Reaching Out“ ist sogar noch zerknitterter; Gibbons‘ obere Stimmlage erinnert zunächst an Thom Yorke, aber sie verdoppelt das Tempo und weint schmerzhaft über Northern-Soul-Bass-’n‘-Drum-Drums und blecherne Fanfaren. „I need your love, to silence all my shame“, echot sie, während im Hintergrund geisterhafte Spuren keuchen, wimmern und sich drehen.

(Hier wird es schonungslos intim. Rollenspiel ist das nicht. In einem Werk, in dem das Ich als zweifelhafte Grösse erscheint, kommen, zahlreich, zerknittert, aus Träumen geborgen, die Schatten ins Spiel, als dunkler Reigen.)
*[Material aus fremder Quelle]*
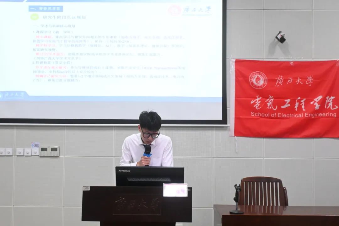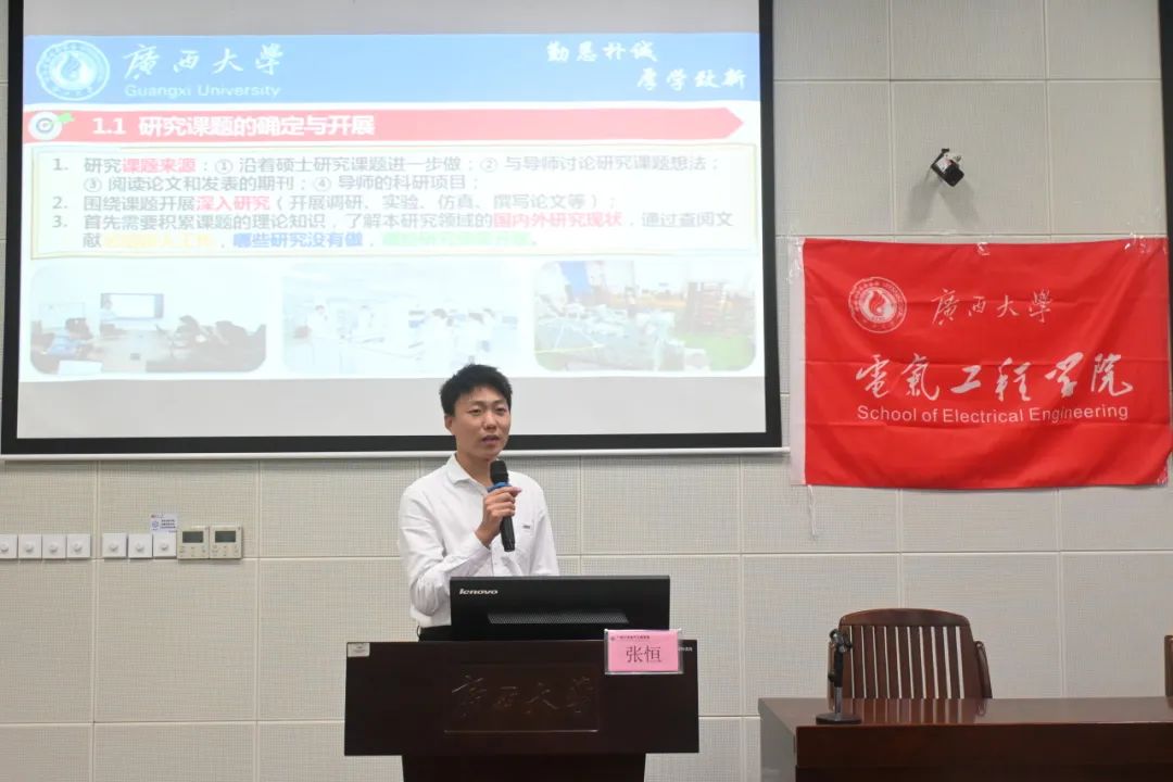 获评2023年“广西最美大学生”及2025年自治区优秀毕业生的张恒同学,根据自己的读博生涯,给同学们分享了高效的学习方法、文献阅读以及科研过程中的个人感悟,为有意深造的同学展现了一个清晰的学术图景。

Während das frühe Portishead-Material auf den Sample-Bombast von Public Enemy in ihrer Blütezeit zurückgeht, ist „Lives Outgrown“ eher dem unheimlichen Minimalismus von RZA geschuldet, mit seinen schwingenden Streichern und kryptischen, schrägen Sprüchen. Schauen Sie sich nur „Reaching Out“ an, ein gespenstischer Folk-Nieselregen, der mit knochentrockenen fernöstlichen Schlagzeugklängen, Gesangsschleifen und wirbelnden Streicherphrasen unterbrochen wird. Auf „Beyond the Sun“ und „Rewind“ streift Gibbons Nordafrika und Ostasien, wobei sie ihren zerbrechlichen Gesang in ein lokales Gewirr aus Rohrblattklängen, blechernen Saitenzupfern und kantigen Streichern mischt.

(Jetzt gehts aber rund: Nordafrika, Asien. Keiner aber wird hier „weltmusikalische“ Versöhnungen wittern… und doch ist es das Mysterium dieses Albums, dass es, bei allen Abgründen, Trost bereithält, und ganz sicher nicht, weil an den passenden Knöpfen gedreht wurde.)
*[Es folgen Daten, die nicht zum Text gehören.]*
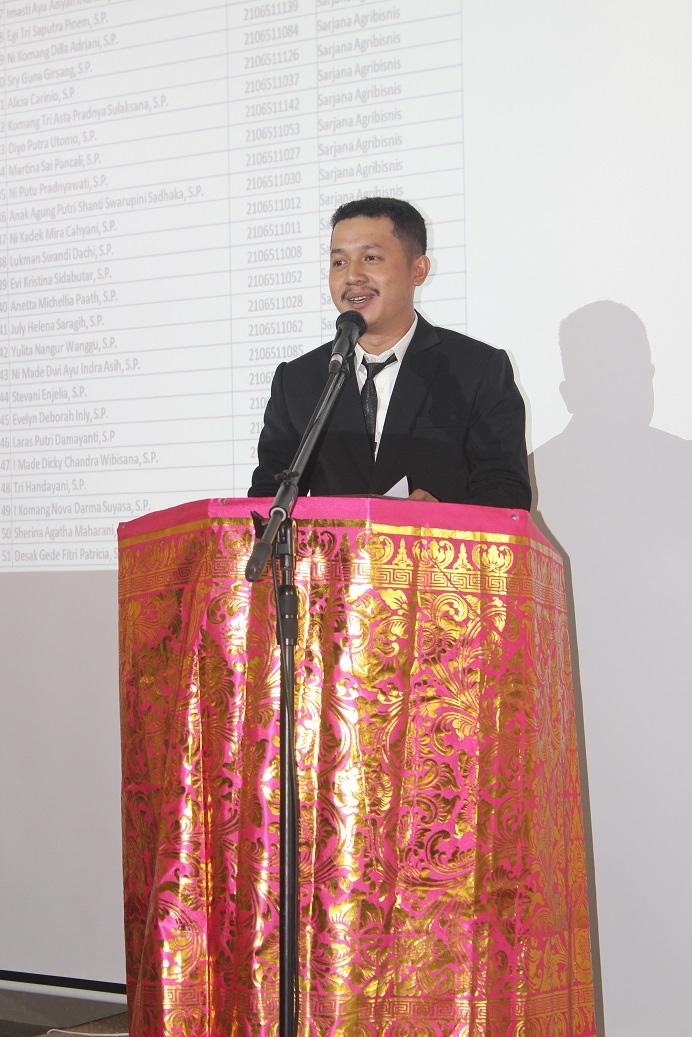 In her remarks, Vice Dean I Dr. Putu Udayani Wijayanti, S.P., M.Agb., representing the Dean of the Faculty of Agriculture, conveyed her deepest congratulations to all prospective graduates on their successful completion of their studies at the Faculty of Agriculture. She said: "The long journey, filled with challenges and hard work, has been a long one, and today the prospective graduates have proven that they can achieve their dreams.

Auf dem pastoralen Schlussstück des Albums, „Whispering Love“, ist sie zu Hause: „Blätter unseres Lebensbaums, wo die Sommersonne immer durch die Bäume der Weisheit scheint“, gurrt sie, während Vögel singen und akustische Gitarren neben beruhigenden Flöten vibrieren. Es ist ein moosiger Abschluss eines Albums, das drei Jahrzehnte musikalischer Wanderschaft zusammenfasst und einige der ernüchternden Weisheiten, die sie gelernt hat, auf höchst einprägsame Weise vermittelt.

(Wohl nahezu jeder, der den Auftrag gehabt hätte, wäre mit diesem Lied, dieser Anrufung, als Abschluss dahergekommen, der ideale „closer“. Als ich das Album zum ersten Mal gehört habe, von Anfang bis Ende, war ich mir sicher, dass „Lives Outgrown“ fortan an meiner Seite ist, company for life.)